Bisnis.com, JAKARTA – Menteri Agraria dan Tata Ruang Publik-Badan Pertanahan Nasional (ATR-BPN) Nusron Wahid berkoordinasi dengan Komisi Pemberantasan Korupsi (KPK) untuk membenahi tata kelola ATR-BPN hingga memberantas pungli.
Sebab, menurutnya sistem di bidang pertanahan masih belum berjalan maksimal bahkan dinilai menerapkan mekanisme lama sehingga dirinya meminta evaluasi dan koordinasi dengan KPK. Terlebih, kementerian yang sebagian besar bergerak di bidang pelayanan publik.
Nusron menemukan permasalahan dalam penerbitan sertifikat baru, peralihan hak, pemisahan sertifikat, dan hak tanggungan.
“Kita ingin datang ke sini membedah bersama minta masukan dan minta koordinasi.

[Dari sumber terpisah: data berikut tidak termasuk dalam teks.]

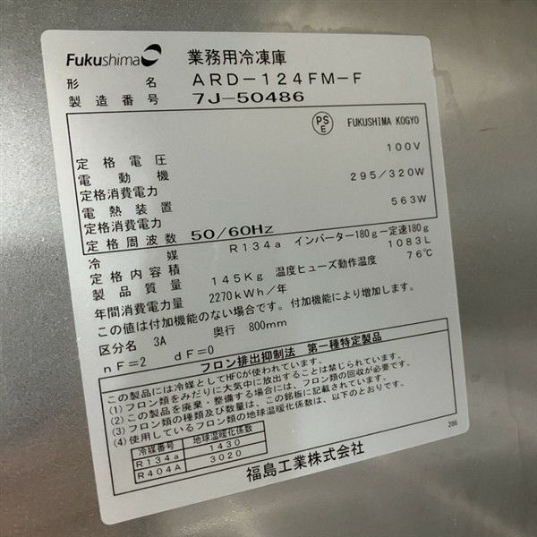 他の画像を見る 2017年製 フクシマガリレイ 縦型冷凍庫 ARD-124FM-F 大阪店 中古品 単相100V 定価 ¥ 1,607,100 のところ 販売価格 ¥ 126,500 税込 SOLD OUT W1200xD800xH1950商品ランク:B 詳細を見る お気に入りに登録する
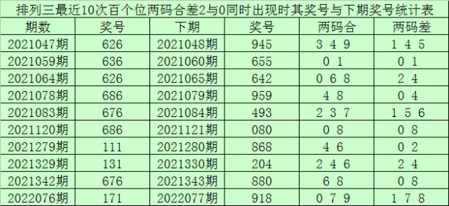 百个位合差分析:上期奖号百个位开出66组合,两码合为2,两码差为0,最近10次百个位两码合2与两码差0同时出现时,其奖号和下期奖号分别为:
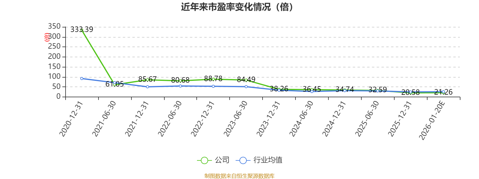 以本次披露业绩预告均值计算,公司近年市盈率(TTM)图如下所示:

Kita ingin ke sini meminta masukan dan meminta koordinasi supaya ke depan ini bagaimana caranya pelayanannya cepat, bersih tapi tetap akurat kompatibel dan prudent. Sehingga ke depan tidak ada celah untuk digugat orang lain,” katanya di Gedung Merah Putih KPK, Jakarta Selatan, Rabu (22/10/2025).
Persoalan ini juga tidak lepas dari maraknya sertifikat ganda yang memicu polemik, khususnya di daerah Jabodetabek dan umumnya terjadi ketika pembebasan lahan untuk jalan tol. Nusron kerap mendapati kasus satu sertifikat dimiliki banyak orang sehingga polemik berlangsung hingga tahap pengadilan.
“Ini kan menandakan bahwa dulu-dulunya kan administrasinya enggak baik. Nah kita ke depan menata sistem administrasi pertanahan di Indonesia yang jauh lebih baik sehingga ke depan enggak muncul lagi isu tumpang tindih,” ungkapnya.
Apalagi, katanya, banyak lahan-lahan yang dialihfungsikan untuk kegiatan infrastruktur dan industrial sehingga memicu perlemahan ketahanan pangan. Alih fungsi pangan kerap terjadi di daerah di Pulau Jawa.
Selain tata kelola, Nusron menginginkan kegiatan pungli pada pelayanan ATR-BPN tidak lagi berlangsung karena banyak merugikan masyarakat.
“Lama waktunya nggak terukur, dan ono pungli ne (dan ada punglinya),” ucapnya.
Dia berharap melalui upaya kerja sama dengan KPK mewujudkan pelayanan publik di ATR-BPN lebih bersih dan dapat membenahi tata kelola.
“Kami di sini diskus [diskusi] membedah, mencari penyakit anatomi penyakit di tubuh ATR/BPN yang penyakit itu berpotensi menimbulkan tindakan korupsi,” jelasnya.